_WHAT YOU SHOULD DO_
Write the records out again exactly as they read, dropping any picture they hold.

(Stored items)
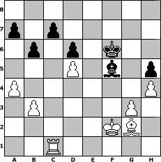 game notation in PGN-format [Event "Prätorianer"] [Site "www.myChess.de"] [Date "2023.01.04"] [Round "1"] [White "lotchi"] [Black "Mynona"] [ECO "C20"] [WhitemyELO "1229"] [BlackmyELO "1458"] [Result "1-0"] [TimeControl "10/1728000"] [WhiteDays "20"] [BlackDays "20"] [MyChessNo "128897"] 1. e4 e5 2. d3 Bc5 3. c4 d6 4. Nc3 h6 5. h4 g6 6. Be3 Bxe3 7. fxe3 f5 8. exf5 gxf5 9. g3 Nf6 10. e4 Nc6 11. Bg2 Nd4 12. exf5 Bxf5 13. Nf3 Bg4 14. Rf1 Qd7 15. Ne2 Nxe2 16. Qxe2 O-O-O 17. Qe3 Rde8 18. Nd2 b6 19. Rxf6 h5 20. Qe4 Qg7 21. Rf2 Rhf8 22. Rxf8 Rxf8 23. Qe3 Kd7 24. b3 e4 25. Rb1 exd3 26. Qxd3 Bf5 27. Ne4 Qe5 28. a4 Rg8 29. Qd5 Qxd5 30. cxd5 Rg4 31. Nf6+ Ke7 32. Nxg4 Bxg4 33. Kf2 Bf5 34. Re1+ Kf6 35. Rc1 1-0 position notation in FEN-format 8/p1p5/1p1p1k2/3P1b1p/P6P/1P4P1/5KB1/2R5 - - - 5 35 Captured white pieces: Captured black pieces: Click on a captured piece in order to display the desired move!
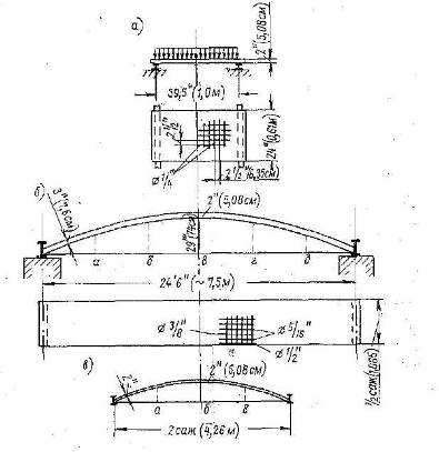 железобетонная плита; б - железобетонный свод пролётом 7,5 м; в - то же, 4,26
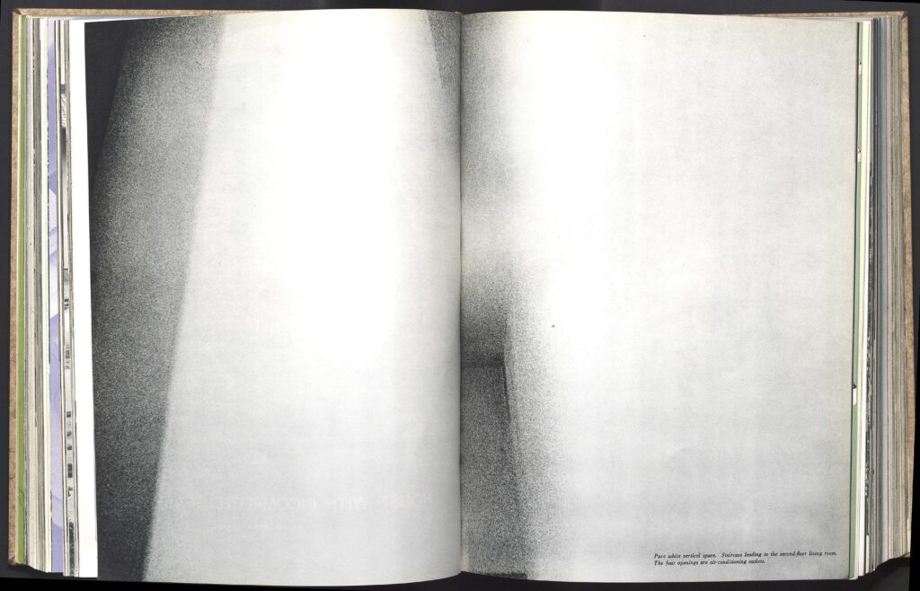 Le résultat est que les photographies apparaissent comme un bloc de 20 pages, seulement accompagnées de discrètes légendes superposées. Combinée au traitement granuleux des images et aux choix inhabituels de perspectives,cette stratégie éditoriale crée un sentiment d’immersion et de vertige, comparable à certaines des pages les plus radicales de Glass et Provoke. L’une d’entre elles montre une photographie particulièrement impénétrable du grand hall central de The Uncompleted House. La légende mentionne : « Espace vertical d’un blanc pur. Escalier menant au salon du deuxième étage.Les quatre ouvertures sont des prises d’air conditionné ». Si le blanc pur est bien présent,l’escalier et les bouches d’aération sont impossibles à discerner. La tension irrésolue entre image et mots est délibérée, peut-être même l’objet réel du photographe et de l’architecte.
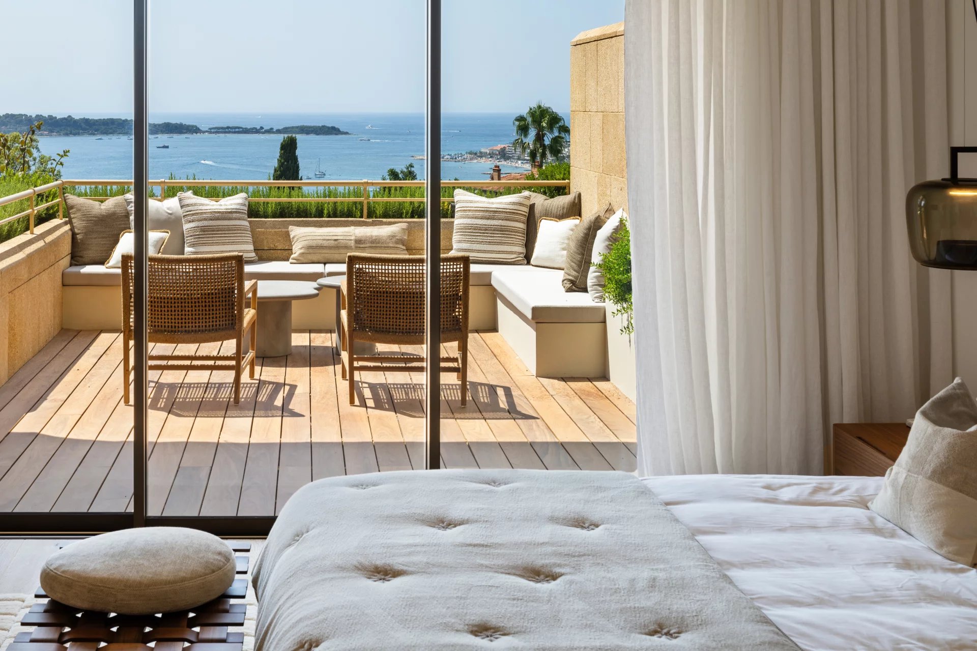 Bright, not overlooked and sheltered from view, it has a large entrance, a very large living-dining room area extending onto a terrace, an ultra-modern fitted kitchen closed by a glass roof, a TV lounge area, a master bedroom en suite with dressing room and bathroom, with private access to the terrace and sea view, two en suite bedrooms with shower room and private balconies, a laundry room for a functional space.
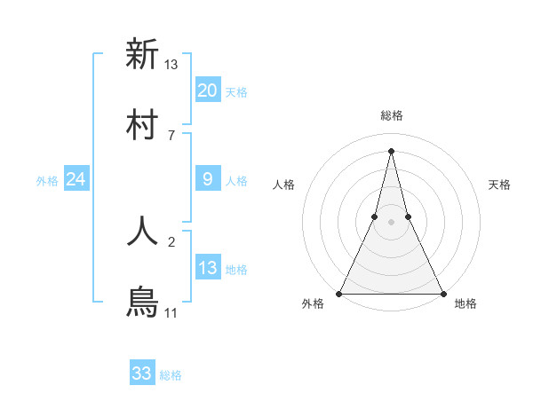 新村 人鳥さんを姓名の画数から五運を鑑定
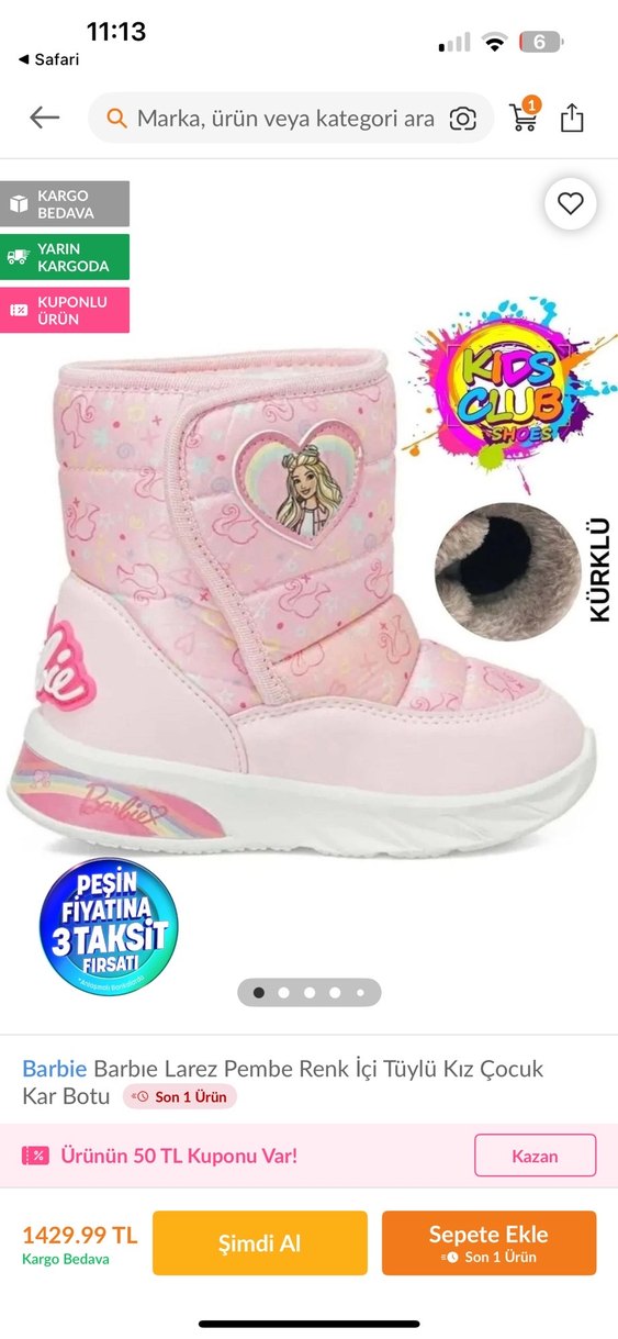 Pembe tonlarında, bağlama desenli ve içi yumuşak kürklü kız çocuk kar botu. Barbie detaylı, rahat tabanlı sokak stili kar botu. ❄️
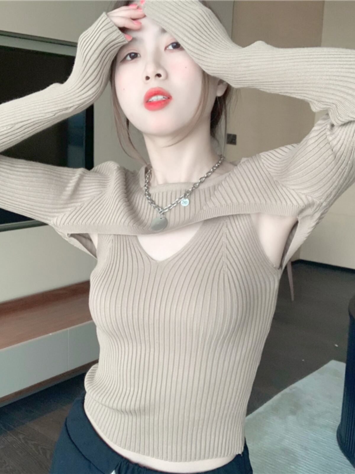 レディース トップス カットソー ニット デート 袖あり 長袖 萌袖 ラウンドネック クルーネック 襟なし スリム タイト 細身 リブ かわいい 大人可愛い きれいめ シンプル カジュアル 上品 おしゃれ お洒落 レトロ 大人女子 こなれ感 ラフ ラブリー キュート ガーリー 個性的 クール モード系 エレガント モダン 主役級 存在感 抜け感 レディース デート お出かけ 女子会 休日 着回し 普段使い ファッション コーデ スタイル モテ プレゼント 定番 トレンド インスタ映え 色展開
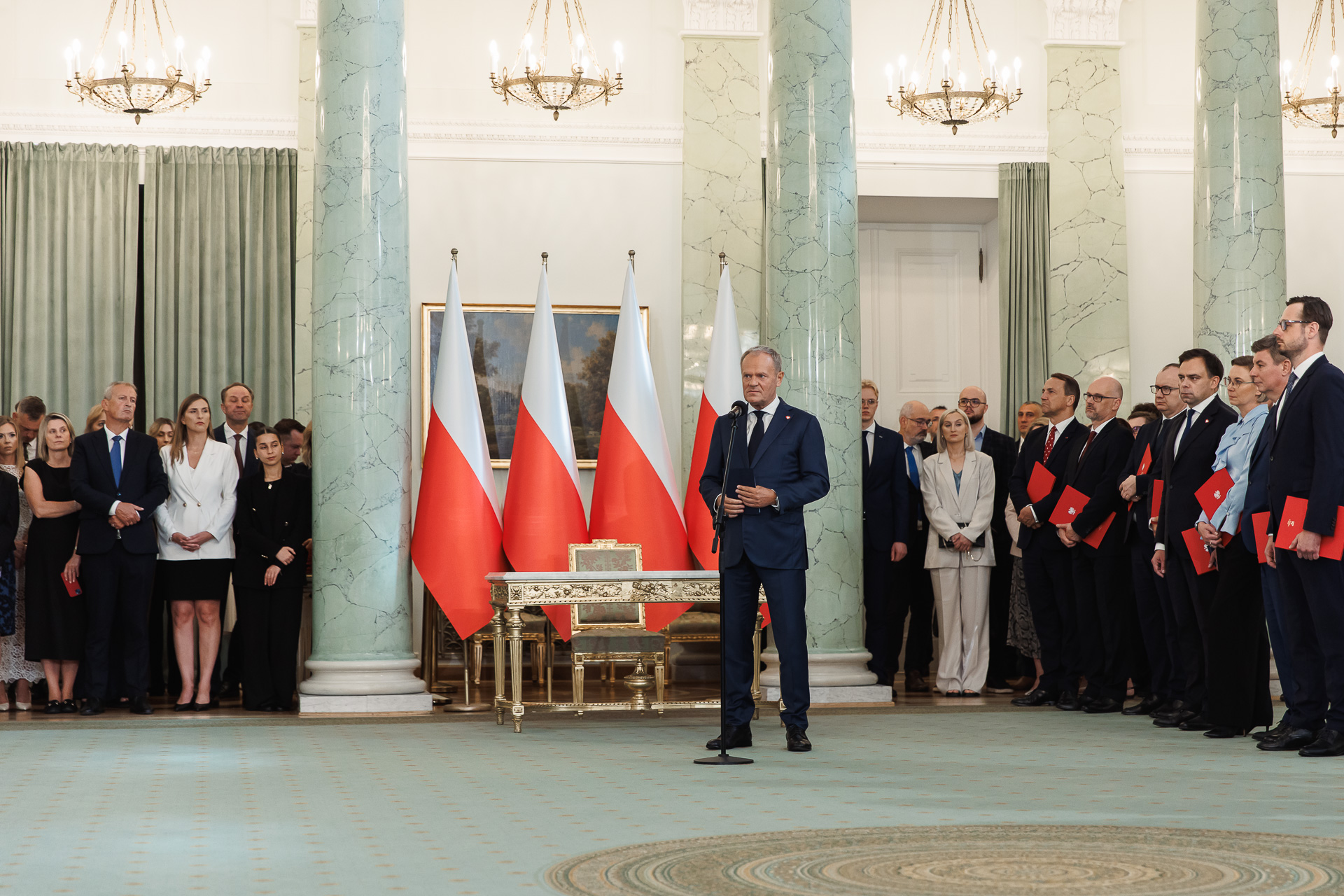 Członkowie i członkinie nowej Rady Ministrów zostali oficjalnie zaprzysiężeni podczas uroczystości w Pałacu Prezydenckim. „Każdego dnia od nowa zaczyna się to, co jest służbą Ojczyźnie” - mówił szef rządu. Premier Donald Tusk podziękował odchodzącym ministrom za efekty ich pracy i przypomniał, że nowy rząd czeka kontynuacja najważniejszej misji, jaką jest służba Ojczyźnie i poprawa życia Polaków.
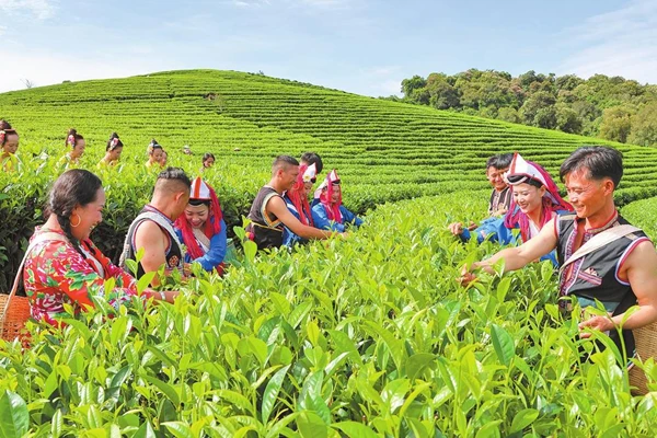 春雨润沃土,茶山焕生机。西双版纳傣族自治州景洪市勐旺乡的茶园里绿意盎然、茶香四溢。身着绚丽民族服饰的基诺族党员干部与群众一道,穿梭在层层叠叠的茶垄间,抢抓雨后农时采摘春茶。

_RESULT FOR THIS EXERCISE_
 game notation in PGN-format [Event "Prätorianer"] [Site "www.myChess.de"] [Date "2023.01.04"] [Round "1"] [White "lotchi"] [Black "Mynona"] [ECO "C20"] [WhitemyELO "1229"] [BlackmyELO "1458"] [Result "1-0"] [TimeControl "10/1728000"] [WhiteDays "20"] [BlackDays "20"] [MyChessNo "128897"] 1. e4 e5 2. d3 Bc5 3. c4 d6 4. Nc3 h6 5. h4 g6 6. Be3 Bxe3 7. fxe3 f5 8. exf5 gxf5 9. g3 Nf6 10. e4 Nc6 11. Bg2 Nd4 12. exf5 Bxf5 13. Nf3 Bg4 14. Rf1 Qd7 15. Ne2 Nxe2 16. Qxe2 O-O-O 17. Qe3 Rde8 18. Nd2 b6 19. Rxf6 h5 20. Qe4 Qg7 21. Rf2 Rhf8 22. Rxf8 Rxf8 23. Qe3 Kd7 24. b3 e4 25. Rb1 exd3 26. Qxd3 Bf5 27. Ne4 Qe5 28. a4 Rg8 29. Qd5 Qxd5 30. cxd5 Rg4 31. Nf6+ Ke7 32. Nxg4 Bxg4 33. Kf2 Bf5 34. Re1+ Kf6 35. Rc1 1-0 position notation in FEN-format 8/p1p5/1p1p1k2/3P1b1p/P6P/1P4P1/5KB1/2R5 - - - 5 35 Captured white pieces: Captured black pieces: Click on a captured piece in order to display the desired move!
 железобетонная плита; б - железобетонный свод пролётом 7,5 м; в - то же, 4,26
 Le résultat est que les photographies apparaissent comme un bloc de 20 pages, seulement accompagnées de discrètes légendes superposées. Combinée au traitement granuleux des images et aux choix inhabituels de perspectives,cette stratégie éditoriale crée un sentiment d’immersion et de vertige, comparable à certaines des pages les plus radicales de Glass et Provoke. L’une d’entre elles montre une photographie particulièrement impénétrable du grand hall central de The Uncompleted House. La légende mentionne : « Espace vertical d’un blanc pur. Escalier menant au salon du deuxième étage.Les quatre ouvertures sont des prises d’air conditionné ». Si le blanc pur est bien présent,l’escalier et les bouches d’aération sont impossibles à discerner. La tension irrésolue entre image et mots est délibérée, peut-être même l’objet réel du photographe et de l’architecte.
 Bright, not overlooked and sheltered from view, it has a large entrance, a very large living-dining room area extending onto a terrace, an ultra-modern fitted kitchen closed by a glass roof, a TV lounge area, a master bedroom en suite with dressing room and bathroom, with private access to the terrace and sea view, two en suite bedrooms with shower room and private balconies, a laundry room for a functional space.
 新村 人鳥さんを姓名の画数から五運を鑑定
 Pembe tonlarında, bağlama desenli ve içi yumuşak kürklü kız çocuk kar botu. Barbie detaylı, rahat tabanlı sokak stili kar botu. ❄️
 レディース トップス カットソー ニット デート 袖あり 長袖 萌袖 ラウンドネック クルーネック 襟なし スリム タイト 細身 リブ かわいい 大人可愛い きれいめ シンプル カジュアル 上品 おしゃれ お洒落 レトロ 大人女子 こなれ感 ラフ ラブリー キュート ガーリー 個性的 クール モード系 エレガント モダン 主役級 存在感 抜け感 レディース デート お出かけ 女子会 休日 着回し 普段使い ファッション コーデ スタイル モテ プレゼント 定番 トレンド インスタ映え 色展開
 Członkowie i członkinie nowej Rady Ministrów zostali oficjalnie zaprzysiężeni podczas uroczystości w Pałacu Prezydenckim. „Każdego dnia od nowa zaczyna się to, co jest służbą Ojczyźnie” - mówił szef rządu. Premier Donald Tusk podziękował odchodzącym ministrom za efekty ich pracy i przypomniał, że nowy rząd czeka kontynuacja najważniejszej misji, jaką jest służba Ojczyźnie i poprawa życia Polaków.
 春雨润沃土,茶山焕生机。西双版纳傣族自治州景洪市勐旺乡的茶园里绿意盎然、茶香四溢。身着绚丽民族服饰的基诺族党员干部与群众一道,穿梭在层层叠叠的茶垄间,抢抓雨后农时采摘春茶。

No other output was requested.